Мне нравятся арабы. Я их неплохо изучил и отношусь к ним лучше, чем относился к советскими азиатам и кавказцам. В Канаде мне с арабами проще, чем с канадцами, те какие-то уж слишком "схематичные". Мусульман здесь — через одного. Мне тепло с этими людьми, с ними интересно общаться. По-моему, они неплохо относятся к русским. До конца расслабиться в их компании мешает одно: тема Югославии и Чечни. Здесь — словно кошка между нами пробежала.
ИСПОВЕДЬ СЕРБА
В нашем доме я общаюсь с Николой, беглым сербом из Боснии. Парень лет 25, студент-историк Сараевского университета. Бывший.
Он благодарен Канаде за прием, ведь эта страна предоставила убежище беженцам-югославам всех национальностей, и десятки тысяч сербов нашли приют на канадской земле. В Канаде их никто не дискриминирует, как не дискриминируют здесь вообще никого, жизнь портит только травля сербов в масс-медиа (а травят их маниакально).
— Прихожу к врачу, она говорит с акцентом, на наш похожим. Спрашиваю, откуда она, оказалась polish. Она тоже спросила кто я, когда сказал, что серб — так на меня посмотрела, будто я ее сейчас укушу.
— Не обращай внимания. Поляков, что ли, не знаешь?..
— Не в поляках дело. Так все здесь думают. Телевидение, газеты, you know... Когда говорю, что я серб и беженец, не верят.
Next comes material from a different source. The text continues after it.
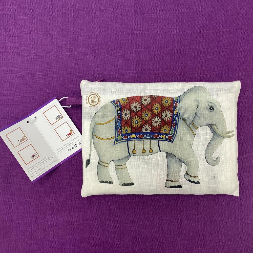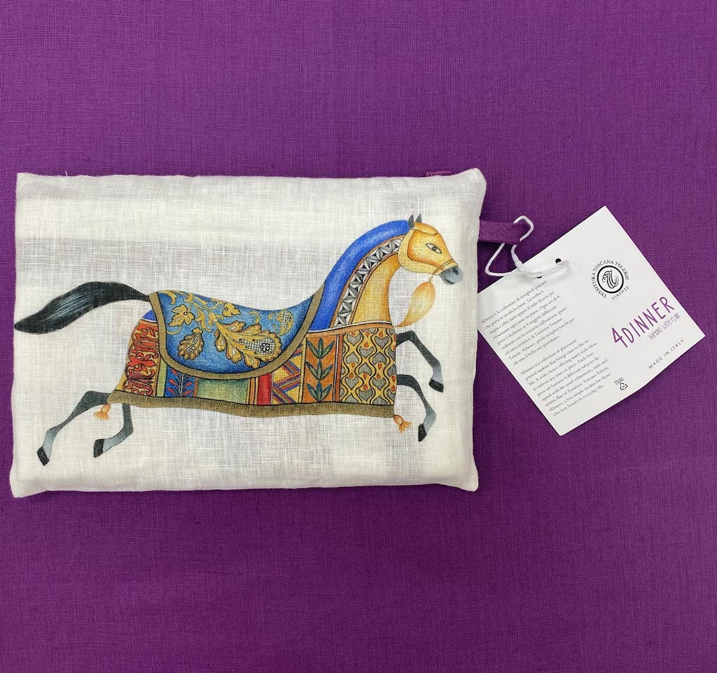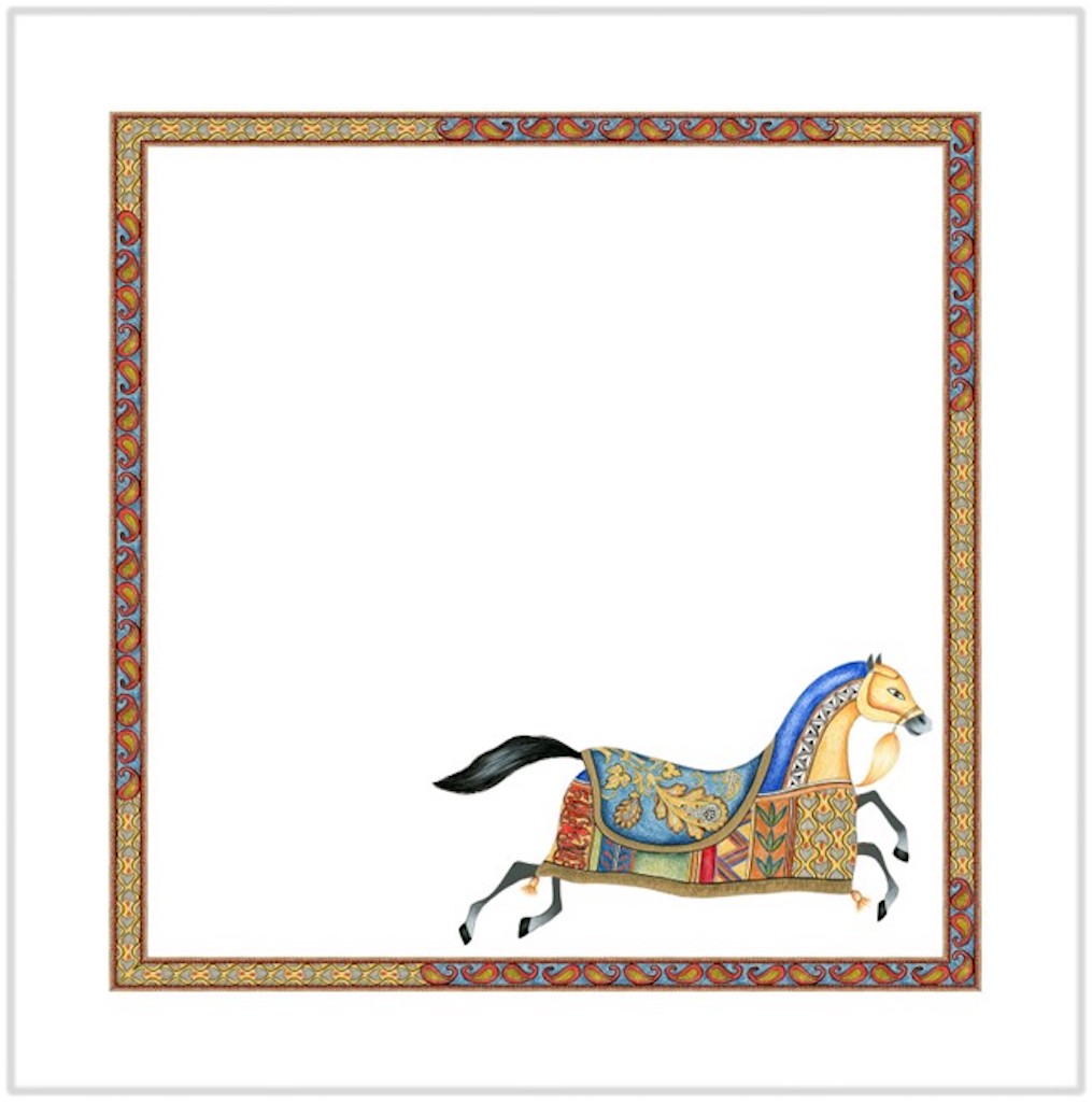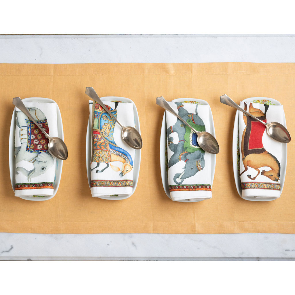Tessitura Toscana Telerie Maharajah Dinner Napkins are bright and captivating. Each four-piece set features 4 different subjects designed with the usual refinement, taste and artistic flair of Tessitura Toscana Telerie. In this set you will find a variety of animals to be thought to be royalty. In Sanskrit it stands for a "great ruler", "great king" or "high king". These napkins are for those who love beauty in everyday life. Simple hem with mitered corners. 100% linen. Made in Italy.

Серб не может быть беженцем, серб может быть только агрессором. Я скоро сам поверю в то, что дома добавлял в пищу кровь мусульманских младенцев.
Самым токсичным, вредоносным политиком Никола считает Ельцина. А еще этот серб ненавидит мусульман. Он согласен со мной в том, что среди них можно встретить отдельных порядочных людей, мудрых политиков, храбрых воинов, но мусульманскую политику в глобальном масштабе считает абсурдной с точки зрения интересов самих мусульман и предательской в отношении народов-соседей. Эта политика, убежден Никола, является естественной производной от исламской ментальности.